— Помнишь меня? — сердечно улыбаясь, спрашивает он.
— Помню. — Подросток бережно пожимает ему руку.
В другой руке у Дмитра котомка с грушами. На лице — ни кровинки: он вспоминает в эту минуту отца, и старик уже раскаивается в душе, что взял на тракт внука.
Между липами появляются первые всадники, высокие шарабаны и скрипучие крестьянские подводы, на которых лежат раненые. Женщины провожают их вздохами.
Люди обступают печальную вереницу подвод; над ранеными наклоняются девичьи платки, мужицкие бороды.
— Может, медку, сыночек?
— Белого хлебца свеженького попробуй…
На солому ложатся простые крестьянские дары.
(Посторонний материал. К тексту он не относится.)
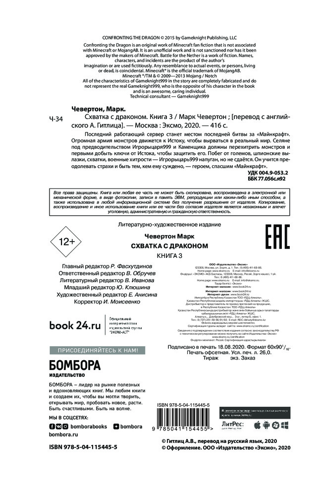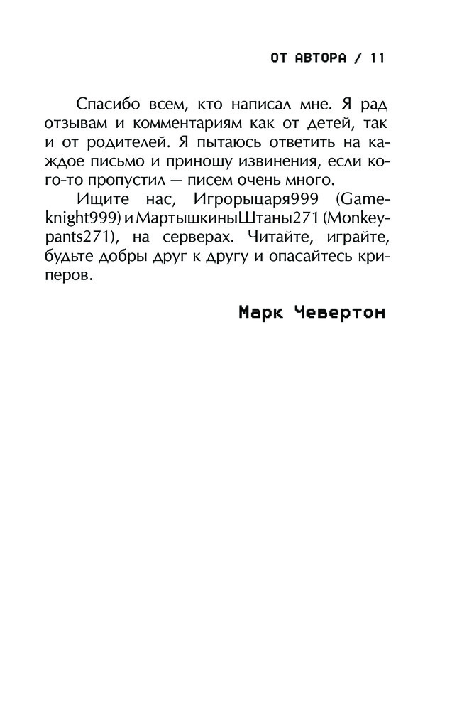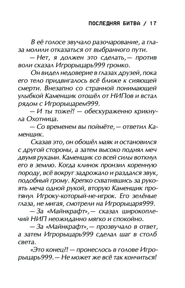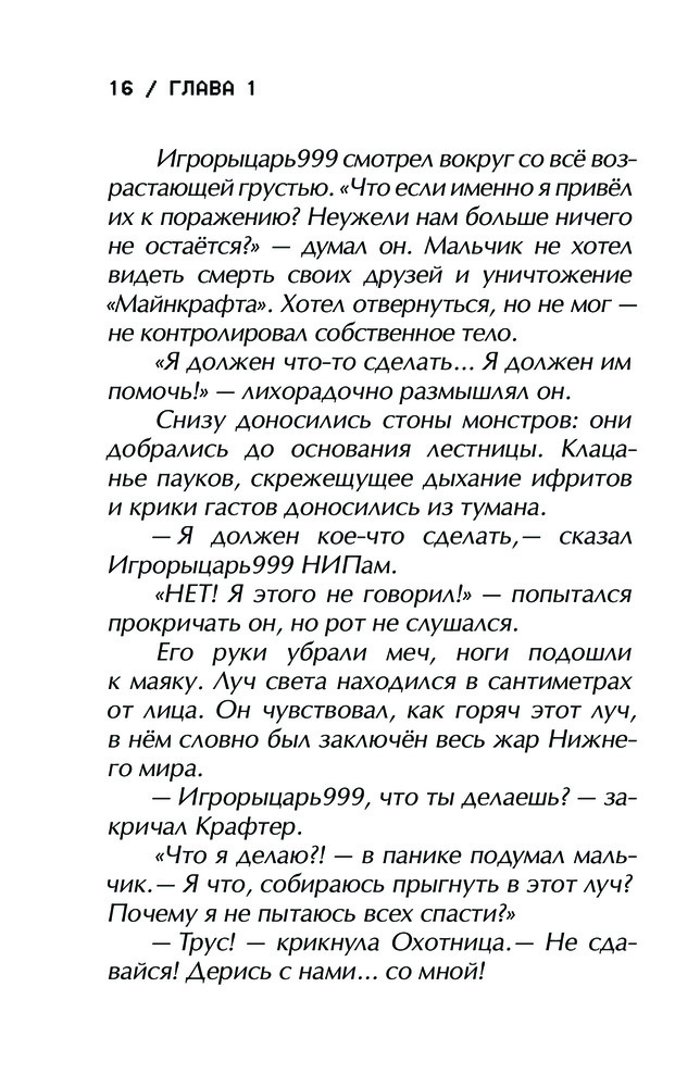 💳 Оплатить за товар можно при получении 🇰🇿 Есть бесплатная доставка по Казахстану 🎁 Копите бонусы с каждой покупки Серия: Майнкрафт. Приключения Игрорыцаря Последний работающий сервер станет местом последней битвы за «Майнкрафт». Огромная армия монстров движется к Истоку, чтобы вырваться в реальный мир. Селяне под предводительством Игрорыцаря999 и Каменщика должны перехитрить монстров и первыми добыть ключи от Истока, чтобы защитить его. Побег от големов, шпионские вылазки, схватки, военные хитрости — Игрорыцарь999 напуган, но не сдаётся. Он учится преодолевать страхи и быть тем, кем ему суждено, — героем, спасшим «Майнкрафт». |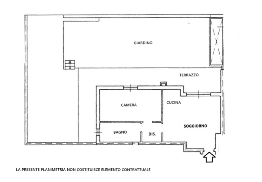 Immobile composto da: Ingresso diretto nella zona giorno in open-space sulla cucina con uscita sullo spazio esterno con giardino. Disimpegno con angolo ripostiglio, bagno padronale e camera matrimoniale dalle generose metrature.

Молоденький, с перевязанной рукой красноармеец берет из рук Галины кусок душистых сотов и смеется.
— Спасибо, красавица, спасибо, златокосая! Пошли тебе бог неревнивого мужа!
Галина краснеет и тоже смеется. Она подает еще кому-то, и вдруг муж дергает ее за рукав. Она смотрит на его побелевшие глаза, потом переводит взгляд в ту сторону, куда глядит Данило, и видит знакомое лицо. Над высоким лбом разлохматились черные волосы, запали и побледнели смуглые щеки, заострился прямой нос, болезненно сжаты ресницы. Это Григорий Нечуйвитер. Галя со стоном бросается за подводой, и Григорий, словно услыхав ее стон, с трудом раскрывает глаза, но не видит ни свою первую любовь, ни своего соперника. Галина дрожащей рукой срывает с жакетки нежные колокольчики осенних подснежников и кладет их на грудь Нечуйвитру, как две капли своей чистой материнской любви к настоящему человеку. Данило обнимает жену, словно боится, что она теперь оставит его, и шепчет посеревшими губами:
— Вот и встретились, Григорий. Вот и встретились. Эк они тебя искалечили.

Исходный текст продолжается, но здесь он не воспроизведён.